### To do
Print a faithful copy of the data below, word for word, with the pictures left out.

### Given material
-- -- --

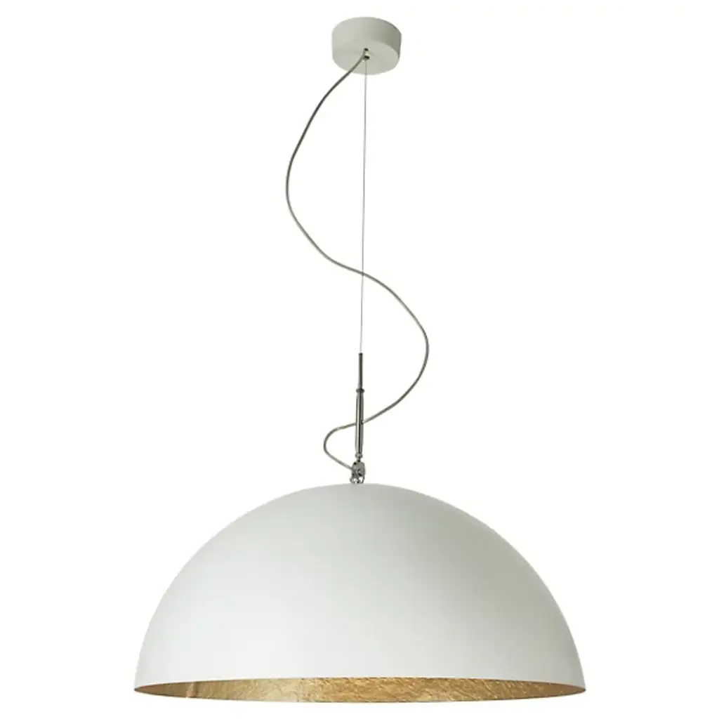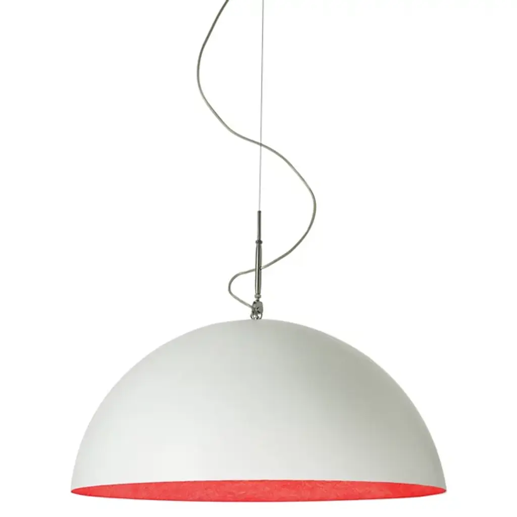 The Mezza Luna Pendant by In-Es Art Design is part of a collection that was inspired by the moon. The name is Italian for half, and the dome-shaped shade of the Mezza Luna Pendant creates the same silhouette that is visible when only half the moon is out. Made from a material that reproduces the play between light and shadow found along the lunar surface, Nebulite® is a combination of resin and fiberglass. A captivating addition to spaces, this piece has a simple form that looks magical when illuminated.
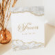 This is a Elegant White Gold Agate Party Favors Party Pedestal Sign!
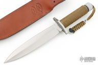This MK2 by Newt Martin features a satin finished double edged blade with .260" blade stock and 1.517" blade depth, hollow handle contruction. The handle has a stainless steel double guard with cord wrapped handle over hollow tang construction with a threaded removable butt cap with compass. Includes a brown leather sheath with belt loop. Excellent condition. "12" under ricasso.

-- -- --

### Task solution
 The Mezza Luna Pendant by In-Es Art Design is part of a collection that was inspired by the moon. The name is Italian for half, and the dome-shaped shade of the Mezza Luna Pendant creates the same silhouette that is visible when only half the moon is out. Made from a material that reproduces the play between light and shadow found along the lunar surface, Nebulite® is a combination of resin and fiberglass. A captivating addition to spaces, this piece has a simple form that looks magical when illuminated.
 This is a Elegant White Gold Agate Party Favors Party Pedestal Sign!
This MK2 by Newt Martin features a satin finished double edged blade with .260" blade stock and 1.517" blade depth, hollow handle contruction. The handle has a stainless steel double guard with cord wrapped handle over hollow tang construction with a threaded removable butt cap with compass. Includes a brown leather sheath with belt loop. Excellent condition. "12" under ricasso.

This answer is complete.